Часть 27 из 55 В начало
Для доступа к библиотеке пройдите авторизацию
Первой пошла Уля. Девушка надела на плечи свою небольшую котомку, перекинула через спину винтовку, ступила на ствол. Сделала первый шаг, проверяя прочность сцепления ноги и дерева, покрутила ногой, недовольно покачала головой. Нет, так не годится. Вдруг присела, сняла с себя обувь, пошла босиком. Так надёжнее. Голая ступня и кора кедра лучше выдерживают зацепление, меньше вероятности поскользнуться и упасть в бушующий поток.
А ручей как будто того и ждёт. Мутный поток бесится, ревёт, мечется. Бросает холодные брызги в лицо идущего человека, пугает грохотом, кружит голову скоростью. Стоит только засмотреться на воду, и можно потерять равновесие. Но Уля знает, что смотреть на воду нельзя. Она смотрит себе под ноги, на ствол кедра, на противоположный берег, на заросли тальниковых кустов, поэтому идет уверенно. Двухвековой исполин упал совсем недавно, может быть, в прошлом году летом или осенью. Шероховатая кора ещё не успела отопреть, подгнить. В общем-то, переправа получилась очень даже неплохая. Вот только несколько коротких, острых сучьев посередине ствола угрожающе торчат смертоносными пиками. Это вина Агафона. Надо бы их срубить под корень, но не возвращаться же назад?
Впрочем, всё было неплохо. Двадцатиметровое расстояние девушка прошла быстро, без задержки. За ней перешёл Миша, снял со спины потку с грузом, улыбнулся:
— Так-то будет лучше, ночевать будем на сухом месте.
Третьим пришёл Агафон, за ним, с котелками в руках Костя.
Все вместе стали думать о дальнейших действиях. Решил Агафон, а все остальные молча согласились.
— Вы с Костей, — обратился он к девушке, — разводите костёр. А мы, — кивнул головой на Мишу, — без вас груз перетащим.
Все стали выполнять свои обязанности. Уля взяла котелок и чайник, пошла за водой.
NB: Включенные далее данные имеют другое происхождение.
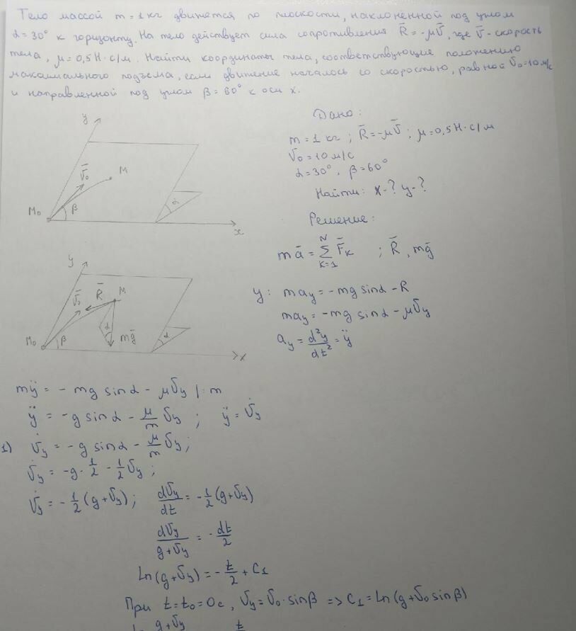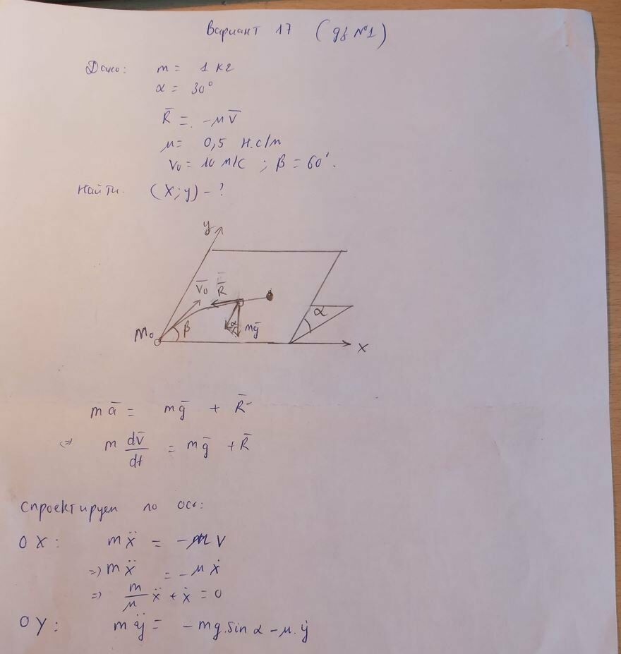 Вариант 17Тело массой т = 1 ,0 кг движется по плоскости, наклонённой под углом α = 30° к горизонту. На тело действует сила сопротивления R v , где v - скорость тела, μ = 0,5 Н·с/м.

Костя принялся ломать сухие сучки для костра. Агафон и Миша пошли назад, на левый берег ручья, за котомками.
Живо вспыхнуло пламя. Над огнём зависла, заплакала холодными слезами закопчённая посуда с водой. Неподалёку от стойбища Костя тюкал топором по сухой ёлке. Уля разбирала котомку с продуктами. В очередной раз перешёл Миша, принёс ещё одну потку, живо спросил:
— Скоро чай? Есть хочется!
Уля кивнула головой:
— Закипает.
Тот, ничего не говоря, пошёл назад, уже более проворно перебежал по кедру на левый берег ручья и, жестикулируя руками, о чём-то заговорил с Агафоном.
Больше Уля не смотрела на них, увлеклась приготовлением пищи. Испуганно вздрогнула только тогда, когда к ней вдруг подбежал Костя и, отчаянно показывая куда-то за спину, со страшным лицом старался перекричать грохот ручья. Она повернулась и не сразу поняла, что происходит. Посередине кедра, на острых сучках лицом вниз, под тяжелой, объёмистой поткой лежал Миша. Он ещё махал руками, пытался встать, оторваться от дерева, приподнимал голову и бесполезно подтягивал ноги. К нему торопился Агафон.
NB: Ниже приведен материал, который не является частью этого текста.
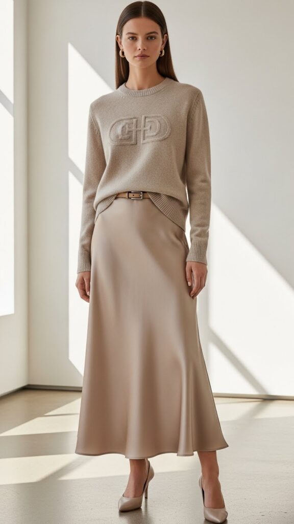 Tuck it into a fluid, midi-length silk skirt. The combo of cozy, status-y knit and effortless, luxurious silk is chef’s kiss. Cinch it with a thin, leather belt right at your natural waist. This is the perfect “creative director at a gallery opening” look. It’s comfortable, impossibly chic, and the logo element feels intentional, not loud.

Уля бросилась на помощь, быстро добежала до переправы, побежала по стволу. Всё внимание под ноги, не дай бог упасть самой. Когда приблизилась к Мише, краем глаза заметила, как Агафон торопливо прятал в ножны нож, возможно, что-то резал или доставал для того, чтобы перерезать лямки потки. Она не придала этому никакого значения. В эту минуту было не до того.
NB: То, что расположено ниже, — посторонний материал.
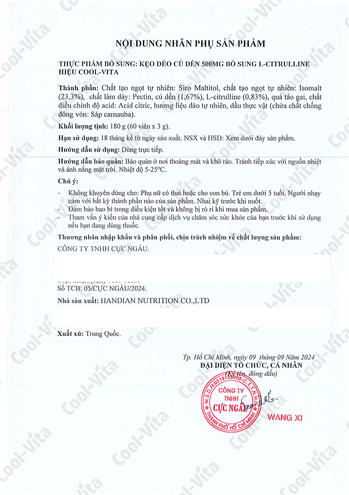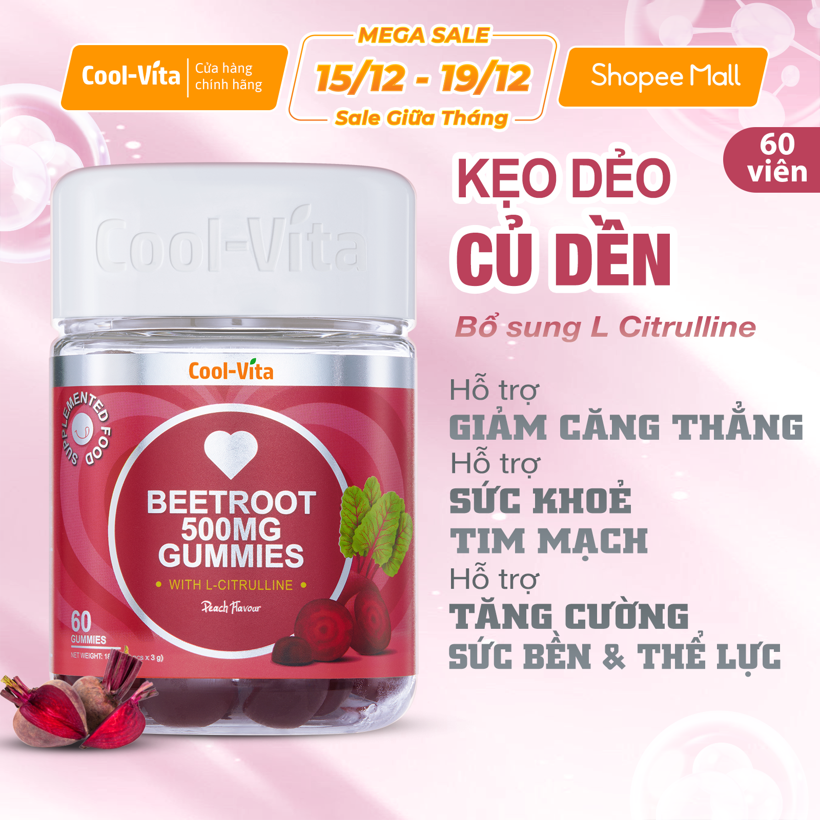 Mua tại TiktokCombo 2 Hộp Kẹo Dẻo Củ Dền Hỗ Trợ Sức Khỏe Tim Mạch & Hỗ Trợ Tăng Cường Sức Bền Vị Đào Kết Hợp L-Citrulline Coolvita (60 viên x 3g)/hộp Kẹo dẻo củ dền CoolVita với 500mg chiết xuất củ dền trong mỗi 2 viên kẹo, kết hợp cùng L-Citrulline là sự lựa chọn hoàn hảo hỗ trợ bạn duy trì sức bền dẻo dai, hỗ trợ cải thiện sức khỏe tim mạch và hỗ trợ tăng cường khả năng vận động. Với thành phần chính là chiết xuất củ dền và L-Citrulline, Kẹo Dẻo Củ Dền CoolVita hỗ trợ bạn đạt được thể trạng tốt hơn, hỗ trợ tăng cường khả năng chịu đựng và hỗ trợ phục hồi nhanh chóng sau khi tập luyện. Kẹo Dẻo Củ Dền CoolVita có vị ngọt tự nhiên, thơm vị đào, sẽ là một sản phẩm không thể bỏ qua nếu như bạn là người yêu thích một chế độ dinh dưỡng lành mạnh và có hương vị thơm ngon. Đặc biệt hiệu quả cho phụ nữ: Hỗ trợ hấp thụ sắt • Betaine trong củ dền hỗ trợ tăng hiệu quả hấp thụ sắt, cải thiện tình trạng thiếu máu. Bảo vệ tế bào máu khỏi lão hóa • Betalains (sắc tố đỏ tự nhiên trong củ dền) có đặc tính hỗ trợ chống oxy hóa mạnh, bảo vệ tế bào máu và làm chậm quá trình lão hóa tế bào. Cải thiện sức khỏe tổng thể: • Hỗ trợ giúp da dẻ hồng hào hơn, nhờ bổ sung sắt và tăng cường tuần hoàn máu, cải thiện tình trạng da nhợt nhạt do thiếu máu. • Hỗ trợ kinh nguyệt đều đặn hơn, giúp điều hòa hormone trong cơ thể, cải thiện các vấn đề kinh nguyệt do thiếu máu hoặc tuần hoàn máu không tốt. • Hỗ trợ giấc ngủ tốt hơn, Magie và nitrat trong củ dền giúp thư giãn cơ bắp, giảm huyết áp, cải thiện chất lượng giấc ngủ. • Củ dền thúc đẩy lưu thông máu, đặc biệt hữu ích cho phụ nữ hay bị lạnh tay chân. Những lợi ích nổi bật khác: Hỗ trợ tăng cường sức bền và thể lực: L-Citrulline hỗ trợ trì hoãn mệt mỏi cơ bắp, hỗ trợ tăng cường khả năng chịu đựng và phục hồi sau tập luyện. Hỗ trợ sức khỏe tim mạch: Hỗ trợ bổ sung betaine (choline betaine) và chiết xuất quả táo gai hỗ trợ cải thiện lưu thông máu, hỗ trợ sức khỏe tim mạch và hỗ trợ tăng cường chức năng tiêu hóa. Hỗ trợ tiêu hóa: Củ dền chứa nhiều chất xơ và betaine hydrochlorid, hỗ trợ cho sự co bóp của ruột và hỗ trợ giữ cho hệ tiêu hóa luôn khỏe mạnh. Giải pháp dinh dưỡng tiện lợi: Kẹo dẻo dễ sử dụng, hỗ trợ bổ sung dưỡng chất cần thiết mỗi ngày mà không cần phải pha chế phức tạp. Vì sao nên chọn Kẹo Dẻo Củ Dền COOL-VITA? Hỗ trợ dễ dàng bổ sung dinh dưỡng: Kẹo Dẻo Củ Dền CoolVita hỗ trợ bổ sung các dưỡng chất thiết yếu mỗi ngày mà không cần phải lo lắng về khẩu vị hay việc chuẩn bị phức tạp. Vị ngọt tự nhiên: Với vị đào ngọt dịu nhẹ và dễ chịu, Kẹo Dẻo Củ Dền CoolVita không gây cảm giác ngán, thích hợp cho cả người lớn và trẻ em. Tiện lợi và hiệu quả: Sản phẩm phù hợp với người tập thể thao, những người muốn tăng cường sức bền hoặc cải thiện sức khỏe tim mạch. Khối lượng tịnh: 180g (60 viên x 3g) Thành phần: Chất tạo ngọt tự nhiên: Siro Maltitol, chất tạo ngọt tự nhiên: Isomalt (23,3%), chất làm dày: Pectin, Chiết xuất củ dền cô đặc (1,67%), L-citrulline (0,83%), quả táo gai, chất điều chỉnh độ acid: Acid citric, hương liệu đào tự nhiên, dầu thực vật (chứa chất chống đông vón: Sáp carnauba). Hướng dẫn sử dụng:

Миша ещё был жив. Он импульсивно поднимал голову, смотрел на Улю страшными, испуганными глазами, хрипел, харкал кровью. Кровь! Её было много. Её никогда девушка не видела столько крови. Даже не могла себе представить, что её так много в человеке. Она всюду: на охристом стволе кедра, на руках раненого Миши, на его лице, на одежде, стекала из груди небольшим ручейком и окрашивала в бурый цвет бушующий поток ручья. И это было страшно.
Агафон сорвал с его спины котомку, отставил назад, попытался поднять Мишу. Тот глухо, с каким-то булькающим надрывом застонал от боли, конвульсивно дёрнул руками. Уля помогала Агафону, как могла. Вместе они сорвали парня с острого сучка, освободив рваную рану на его груди. Молча потащили его волоком по стволу на берег. Торопились, как могли. А когда достигли спасительного берега, Михаил был мёртв.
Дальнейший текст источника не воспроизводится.